VIS 6 is an extension of the SPARC instruction set. The VIS instructions can process four 16-bit data, packed into a register with one instruction. This instruction set can accelerate processing of some algorithms by as much as 7 times, by performing up to 10 operations in parallel per cycle [38]. Applications using imaging, linear algebra, signal processing, audio, video and networking can benefit from this increased performance. Applications written in the Java programming language can use VIS by means of wrappers. Wrappers in Java technology use Java Native Interface (JNI) to access the library. Usage

VIS can be used with the VSDK [39] or the Media Library [40].

a. Examples:

VectorAdd(), MatrixAdd(), MatrixMul()

b. Wrappers for Java applications are also available for accessing the VIS library using JNI.

2.3 Single-Threaded Applications

As the Solaris OS uses a 1:1 threading model, an application thread has a corresponding kernel thread. A multi-threaded application has n application threads (LWPs), and n kernel threads. A single-threaded application has one LWP.

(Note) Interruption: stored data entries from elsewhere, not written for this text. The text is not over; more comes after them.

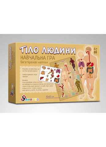 Рекомендованная для малышей старше шести лет, универсальная настольная игра обучающая с многоразовыми наклейками "Тело человека" укр. (КП-004у) KP-004y – настоящая находка для детей, которые только готовятся к поступлению в школу. Если Вы искали подходящий полезный набор, который поможет Вашему непоседе пополнить словарный запас и расширить кругозор, то эта игра создана специально для Вас. Забавная игра не только поможет Вашему ребенку получить новые знания, но и поспособствует развитию множества важных навыков. Ваш требовательный малыш по достоинству оценит все ключевые преимущества набора, ведь с помощью игры Ваш ребенок изучит, как устроены все системы органов человека, и узнает, за что каждая из них отвечает. В процессе игры Ваш непоседа сможет самостоятельно найти правильное место наклейкам-органам, тем самым закрепляя свои знания. В набор входит просторное игровое поле размером 41х60 см, многоразовые наклейки и компактная коробка со шнурком 30,5х4х21 см.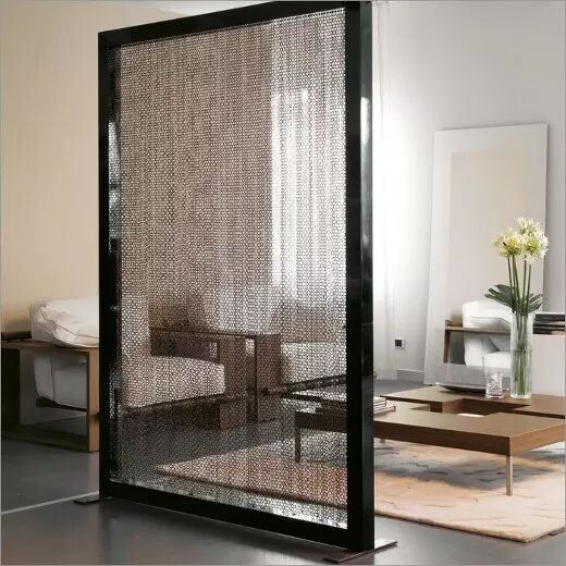 现代屏风不拘一格,设计和材料会用布、纱、金属、玻璃等轻巧的材料,造型和加工更加容易,突破传统单调的色彩搭配,款式多变,多形成透明或半透明的视觉效果,营造出“隔而不离”的感觉。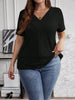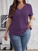 Camiseta de canalé de manga corta con cuello en V y talla grande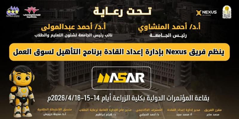 خلال أيام 14 - 15 - 2026/4/16 ابتداءًا من الساعة 9:00 صباحاً بقاعة المؤتمرات الدولية بكلية الزراعة بجامعة أسيوط بحضور نخبة متميزة من المدربين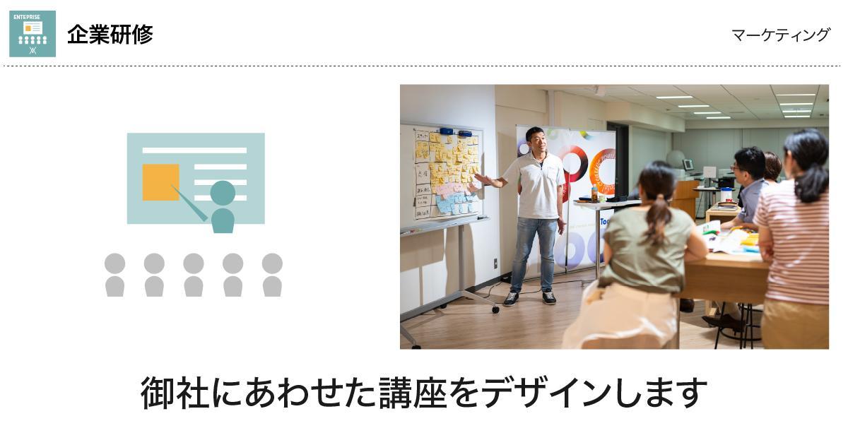 講師が訪問して、希望に沿ったカリキュラムで講習します。ハンズオンに最適な講習形式はもちろんセミナー形式での実施もいたします。オンラインでの開催も可能です。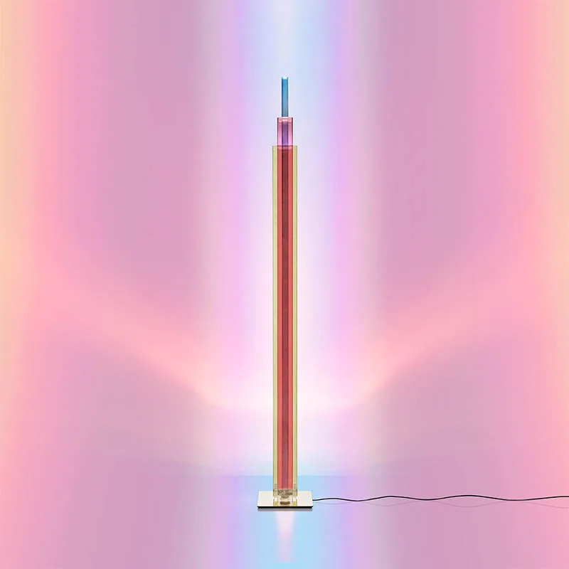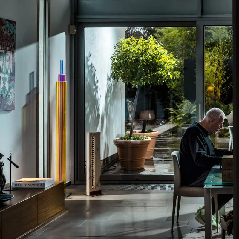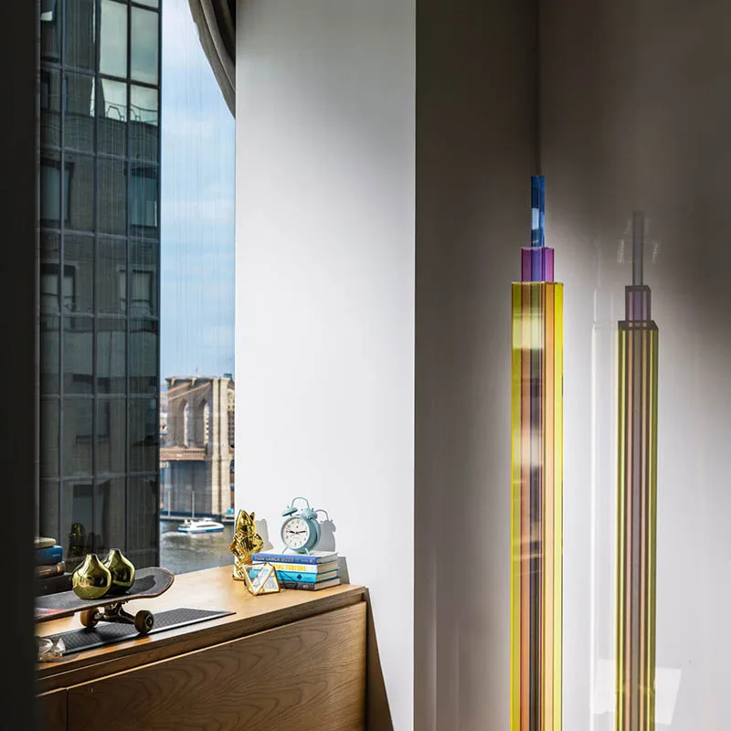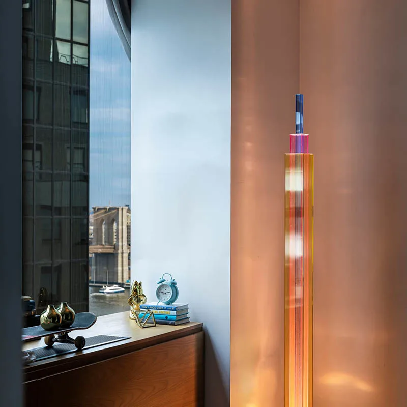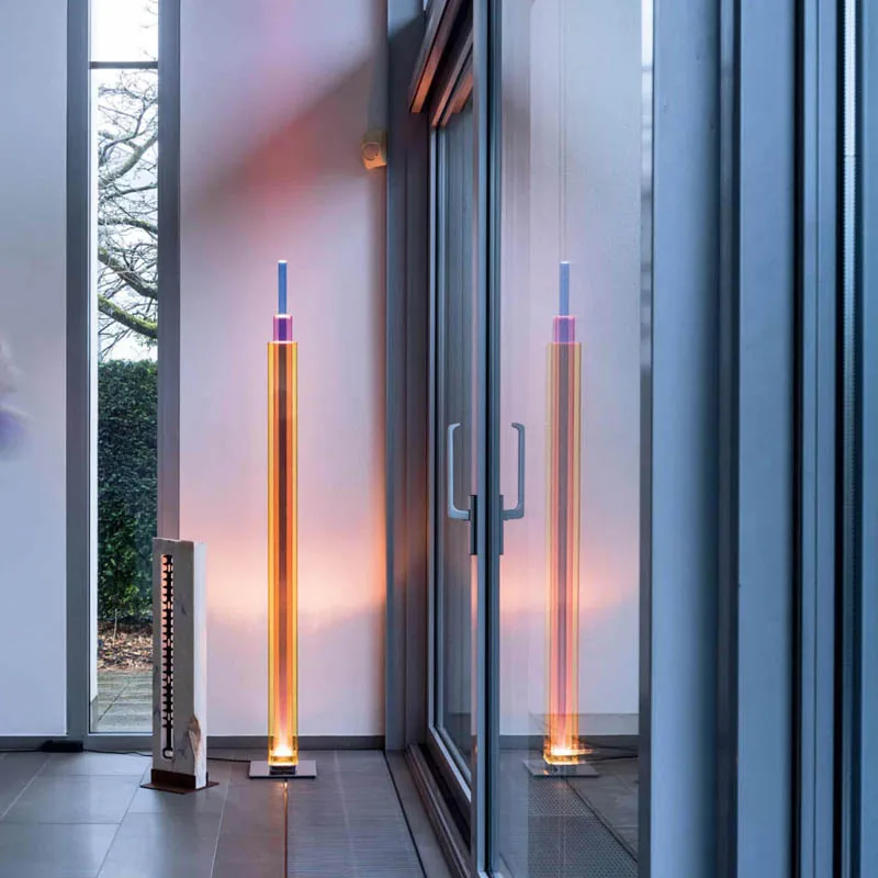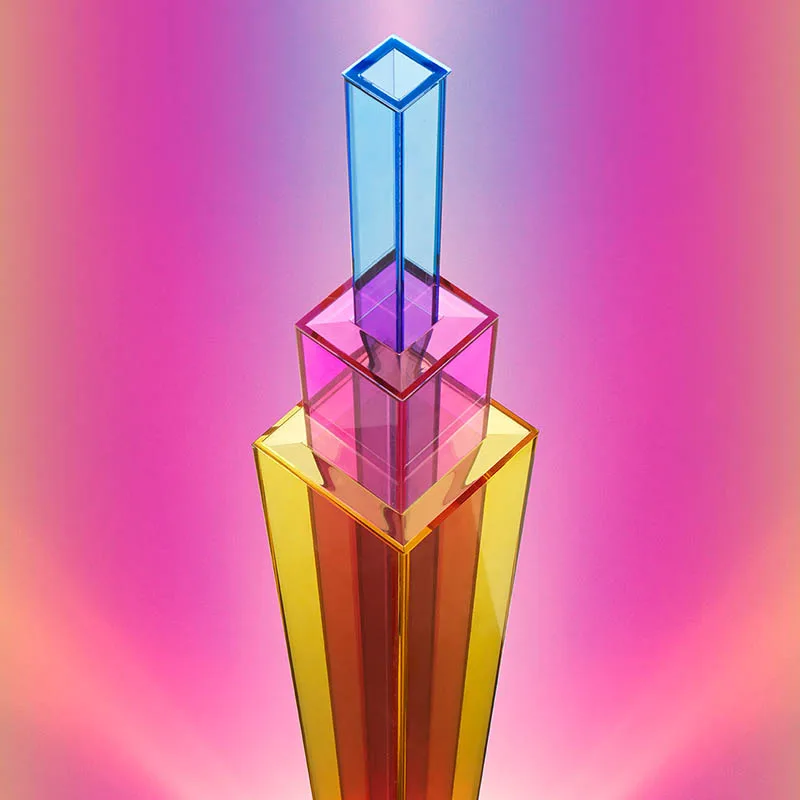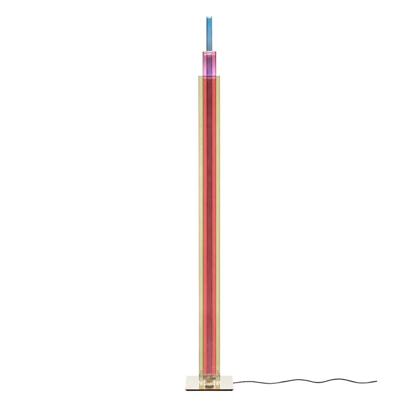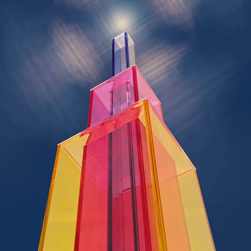 UpTown ist eine skulpturale Ode an die urbane Architektur – eine LED-Stehleuchte, die eine dynamische Choreografie aus Farben und Transparenzen in den Raum projiziert. Mit ihrem lebhaften und optisch beeindruckenden grafischen Design, das sich an den Ikonen der Wolkenkratzer in Großstädten orientiert, ist UpTown bereits im ausgeschalteten Zustand eine prägnante Präsenz im Raum. Eingeschaltet wird das Lichtobjekt zum absoluten Mittelpunkt. UpTown ist ein Meisterwerk der Lichtkunst, bestehend aus drei Schichten von farbigen Glasplatten in den Farbtönen Gelb, Magenta und Blau.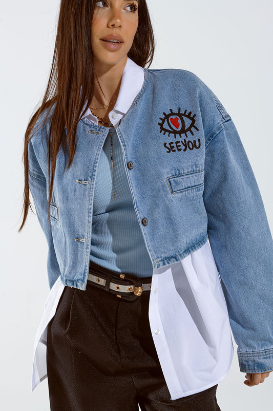 Cazadora vaquera recortada con estampado pintado a mano delante y detrás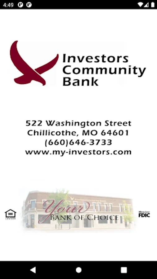 You must have an Investors Community Bank online banking user name and password prior to use. To activate Online Banking, visit www.my-invsetors.com. Equal Housing Lender. Member FDIC.

Running multiple single-threaded processes results in your application appearing as multiple LWPs to the kernel. The difference between the single-threaded application and multi-threaded application is the size of the process, how the data segments are loaded in memory, and the address space. In single-threaded apps, text and libraries segments are shared, but data can only be shared through interprocess communication across an address space. On the other hand, in a multi-threaded process, data between LWPs can be shared through intra-process communication within an address space, including direct access to a global variable.

The second difference is the scheduling. The Time Share (TS) class has the time-quanta per process, so each LWP gets more core time. A single-threaded application waiting for IO will be context switched, but in a multi-threaded app, a second thread could continue processing using the time-quanta. Running multiple copies of a single-threaded process results in a process context switch, which is more expensive than a thread context switch.

2.3.1 Multi-Threading a Single-Threaded Application

If a single-threaded application cannot be multi-threaded, the loops and some of the library routines it uses can be made multi-threaded to improve the efficiency [41]. The Sun Studio compiler offers an autopar option, which can be used to make loops multi-threaded. A high-performance multi-threaded library ( perflib) is also available that can be used along with the autopar option to improve the single-threaded application performance. The number of threads to use can be specified through an environment variable. Usage

cc -fast -xO4 -xautopar example.c -o example

setenv PARALLEL 2
setenv SUNW_MP_THR_IDLE value

2.3.2 Single-Threaded Applications in a Container

The Solaris 10 OS provides containers called zones [42], [54], which provide fault isolation, resource allocation and management. Solaris Zones can be used to sand-box applications on a server within a single operating system instance. This can be used to run multiple copies of a single-threaded application in isolation and is similar to running the single-threaded application on multiple systems. Zones provide a solution to virtualize the operating environment. Each zone can have its own IP address and its own file system. Single-threaded applications with dependency on ports, IP address, and so on, can now be run in zones. This allows single-threaded applications to scale horizontally on a vertical system. Usage

zonecfg -z lisa 'create; set zonepath=/aux0/lisa'
zoneadm -list -vc
zoneadm -z lisa install
zoneadm -list -vc
zoneadm -z lisa boot
zoneadm -list -vc
zlogin lisa

[install and run your app]

2.4 Java Technology-Based Applications on the Solaris OS

Java applications need no code changes since the JVM is optimized for a CMT system. Using lock-free, atomic, or TLS data structures should improve the performance.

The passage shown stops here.